The production was so compelling it seems churlish to offer any criticism, and one must always keep the company’s amateur roots in mind. Lighting was occasionally misplaced, resulting in key moments taking place in shadow (still not as bad as SNM, though). One or two of the cast looked less assured, less grounded than the others. Arguably there were small patches in the design where it was too easy to look out at the real world, either the sterile concrete of Docklands office blocks or the brightly lit, shining corridors of Capstan House. But to dwell too much on these very minor points would be to undermine the colossal achievement of this production.
What impressed me so much about this production is the huge amount of thought which had gone into the layers of narrative, not merely hacking out another Shakespeare-in-a-funny-setting which has become standard fare among amateur and fringe productions. Characters were split, merged or absent altogether. The figures of Shakespeare and his queen, Elizabeth, featured prominently. This sometimes created confusion, as noted above, but it also created new layers of meaning, making this as much a rethinking of Shakespeare as a restaging.
It would have been so, so easy to do this badly. Directors @badlydrawndrownedman and @priceyc could simply have chosen to attempt to clone SNM and TDM, to shove masks on the audience (no masks in this production) and set them free to wander darkened, drone-filled corridors with strange figures hopping in and out of view to no obvious purpose. They could easily have pleaded shortcomings in time, budget, imagination or just willpower. Instead, they went the other way - they exceeded their limitations in every department. I am in awe of their achievement.
Is a revival too much to hope for? I have friends among the cast who say they would happily make space in their diaries for another run. Twelve performances seems too few for such a momentous experience. Or is it better to obey the old showbiz maxim: always leave them wanting more?
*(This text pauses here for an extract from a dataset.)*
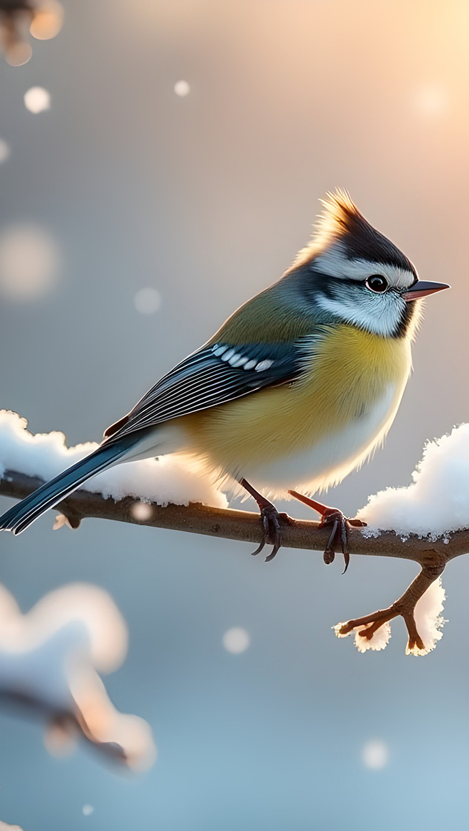 Edytor tapety: Grafika z sikorką na ośnieżonej gałązce

The creative (and box office) success of this show begs an important question. Immersive theatre is a growing trend. Often it is done lazily, half-heartedly, or within safe boundaries. Often it puts in just enough commitment to meet some ill-defined target, or uses the genre’s amorphous nature to excuse shortcomings in imagination and creativity. What Sedos have shown is that it doesn't take money, it doesn’t take experienced professional performers, it doesn’t take a brand as high-profile as Punchdrunk. It takes two things: imagination and commitment. If they can do it, what cannot other people do - perhaps people who haven’t thought of doing this sort of thing themselves? It’s certainly given me food for thought.